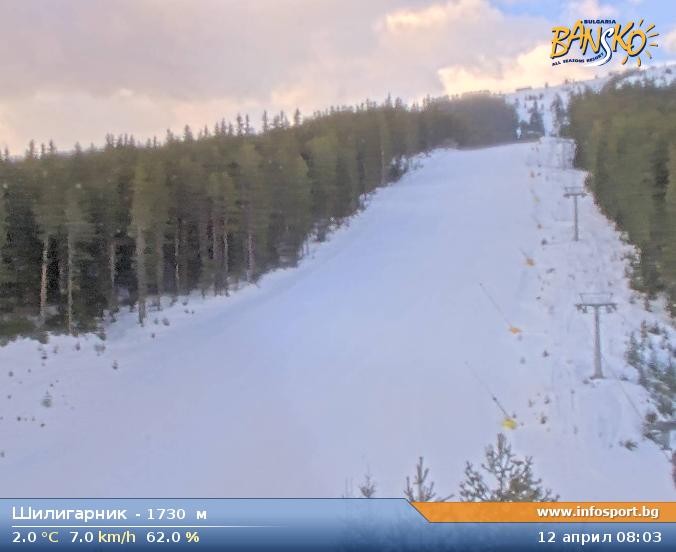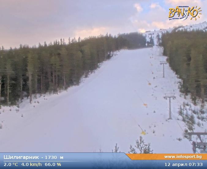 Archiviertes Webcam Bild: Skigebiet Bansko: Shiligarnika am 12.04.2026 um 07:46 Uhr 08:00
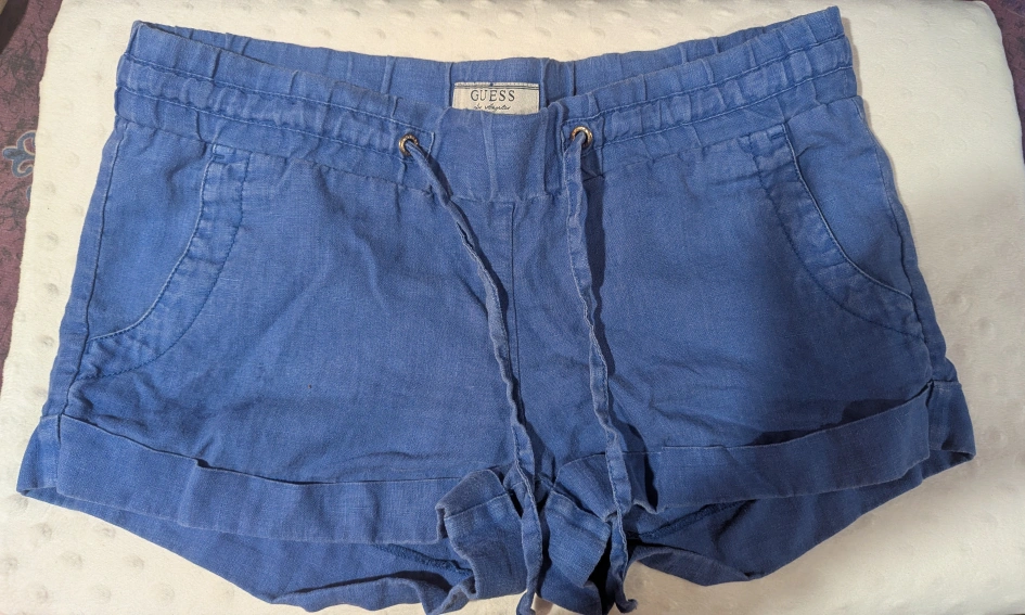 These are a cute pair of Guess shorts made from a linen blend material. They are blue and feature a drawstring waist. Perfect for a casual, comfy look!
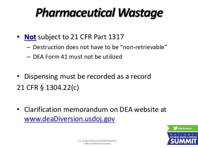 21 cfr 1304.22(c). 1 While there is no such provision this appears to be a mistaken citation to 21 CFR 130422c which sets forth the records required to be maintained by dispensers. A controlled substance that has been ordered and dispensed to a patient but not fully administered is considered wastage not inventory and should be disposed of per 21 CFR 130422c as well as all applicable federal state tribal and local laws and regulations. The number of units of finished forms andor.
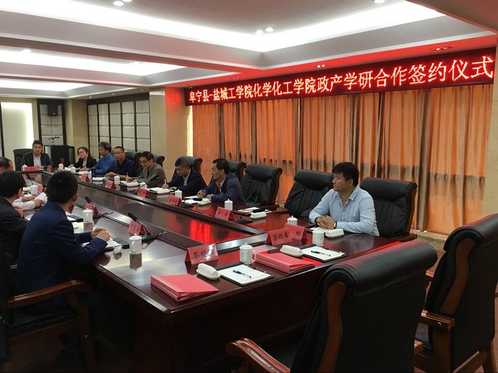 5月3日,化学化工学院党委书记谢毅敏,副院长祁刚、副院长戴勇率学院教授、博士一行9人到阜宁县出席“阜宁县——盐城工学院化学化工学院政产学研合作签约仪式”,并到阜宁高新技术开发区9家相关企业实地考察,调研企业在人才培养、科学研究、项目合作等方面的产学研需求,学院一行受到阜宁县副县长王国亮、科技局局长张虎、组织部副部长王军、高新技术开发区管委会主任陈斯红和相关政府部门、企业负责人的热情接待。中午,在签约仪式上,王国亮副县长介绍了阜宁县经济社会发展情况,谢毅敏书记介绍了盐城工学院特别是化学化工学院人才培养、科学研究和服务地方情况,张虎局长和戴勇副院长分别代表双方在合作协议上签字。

* * *

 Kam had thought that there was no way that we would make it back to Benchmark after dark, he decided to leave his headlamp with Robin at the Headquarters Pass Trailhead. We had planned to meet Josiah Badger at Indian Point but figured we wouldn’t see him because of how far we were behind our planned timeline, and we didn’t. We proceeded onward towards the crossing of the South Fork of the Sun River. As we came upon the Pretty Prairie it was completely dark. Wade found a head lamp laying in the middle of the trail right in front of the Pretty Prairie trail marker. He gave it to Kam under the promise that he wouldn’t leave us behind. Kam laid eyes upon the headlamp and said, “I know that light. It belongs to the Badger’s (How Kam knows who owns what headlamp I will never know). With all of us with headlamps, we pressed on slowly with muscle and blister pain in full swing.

> _Goal of the exercise_
What are the lines above from the one with "Archiviertes Webcam Bild: Skigebiet" to the one with "These are a", both included? Reproduce them exactly, without pictures.

> _The completed task_
 Archiviertes Webcam Bild: Skigebiet Bansko: Shiligarnika am 12.04.2026 um 07:46 Uhr 08:00
 These are a cute pair of Guess shorts made from a linen blend material. They are blue and feature a drawstring waist. Perfect for a casual, comfy look!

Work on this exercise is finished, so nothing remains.